(Closed) Wedding is two months away, should I cancel?

posted 5 years ago in Emotional
Post # 2
Member
9575 posts
Buzzing Beekeeper
  • Wedding: September 2015

He is a complete ass! Listen to your inner self and cancel your wedding. You will regret mArrying him.

Post # 3
Member
1285 posts
Bumble bee

I wouldn’t get married just from this statement alone “He is also concerned that I won’t fulfill the ‘tasks’ of a wife: all of the housework and running his errands as well as working full time and in the future raising children.” 

 

Post # 4
Member
2076 posts
Buzzing bee

Just from what you posted, yes, you should call off the wedding and probably end the relationship completely.  

You feel like you have to walk on eggshells around him.  He makes nasty comments about your figure.  You have issues with his anger and mood swings.  His answer to “why do you want to get married” is I don’t know, it is just something people do.  You have constant arguments/fall outs. You have continually, for months, been questioning your decision to marry him.

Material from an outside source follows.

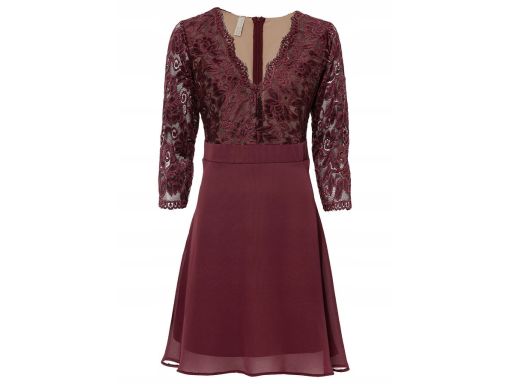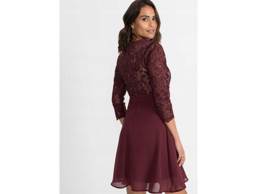 B.P.C sukienka szyfonowa z koronką bordowa 36/38.
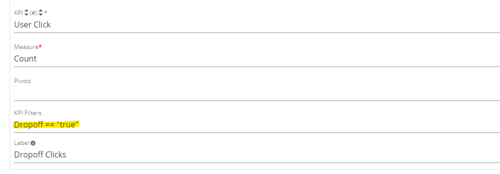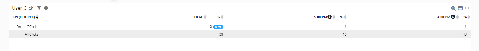 With the introduction of the new "Dropoff" field as a filter criteria on the User Click KPI, users gain the ability to analyze drop-off behavior across various portlets, such as the Table portlet. This enhancement facilitates diverse analyses, offering similar pivots and drilldown options for deeper insights into user behavior and interaction patterns.

If all of those aren’t huge red flags, then I don’t know what is.

Cancelling a wedding is hard, but getting a divorce is even harder.

Post # 5
Member
4020 posts
Honey bee
  • Wedding: November 2014

He sounds like a jerk. I’d cut my losses now and deal with the headache of a cancelled wedding now rather than the huge ordeal of dealing with an inevitable divorce later. Going on vacations with someone and enjoying your time together sometimes isn’t enough to sustain a marriage. He belittles you and is only marrying you because of outside pressures. You deserve better. 

Post # 6
Member
2860 posts
Sugar bee

I stopped reading after the second paragraph.  He’s a jerk. I wouldn’t have coffee with him, let alone consider marrying him.

Post # 7
Member
307 posts
Helper bee
  • Wedding: May 2016

I think you know deep down what you need to do, I hate telling people what their decisions should be, but since you asked – it sounds like you’d be dodging a bullet. Size 8 uk is hardly ‘fat’ and for him to insinuate that youd look good slimmer than you are is absolutely unacceptable and wrong. You want to be loved unconditionally, imagine when you get pregnant. Of course you’ll gain weight, what kind of a question is that! He sounds shallow and insecure and he’s dragging you into it, which is unfair to you. 

You shouldn’t feel like you’re walking on eggshells. I know you’ve been through a lot of great experiences and loving moments together, but I can’t fathom anyone staying happily married to someone who talks to them like that, and whom they have to walk on eggshells around. 

Post # 8
Member
66 posts
Worker bee

This does not sound like a happy, healthy relationship. And from what you wrote it sounds like you know what you want to do, you just need some validation. So here it is… Cancel your wedding! 

Post # 9
Member
685 posts
Busy bee
  • Wedding: October 2015

Listen to your gut and run. He sounds like an abusive husband in the making. 

Post # 10
Member
697 posts
Busy bee
  • Wedding: May 2012

Nope nope nope! You know the answer or you wouldn’t have needed to post.

Post # 11
Member
369 posts
Helper bee
  • Wedding: January 2016

Those are all red flags!  I would not marry this guy!  He sounds like an ass and it doesn’t sound like you will be happy with him at all :/

Post # 12
Member
497 posts
Helper bee
  • Wedding: February 2012

View original reply
crescentmoon:  your gut is right, I’d run! He sounds horrible, really.

Post # 13
Member
1299 posts
Bumble bee

Those aren’t “wife” tasks, By The Way. Gross.

Post # 14
Member
2871 posts
Sugar bee
  • Wedding: May 2015

DTMFA. 

Post # 15
Member
1164 posts
Bumble bee
  • Wedding: March 2011

I think you’re asking because you already know what you want to do.  Listen to your inner voice because it’s talking to you loud and clear.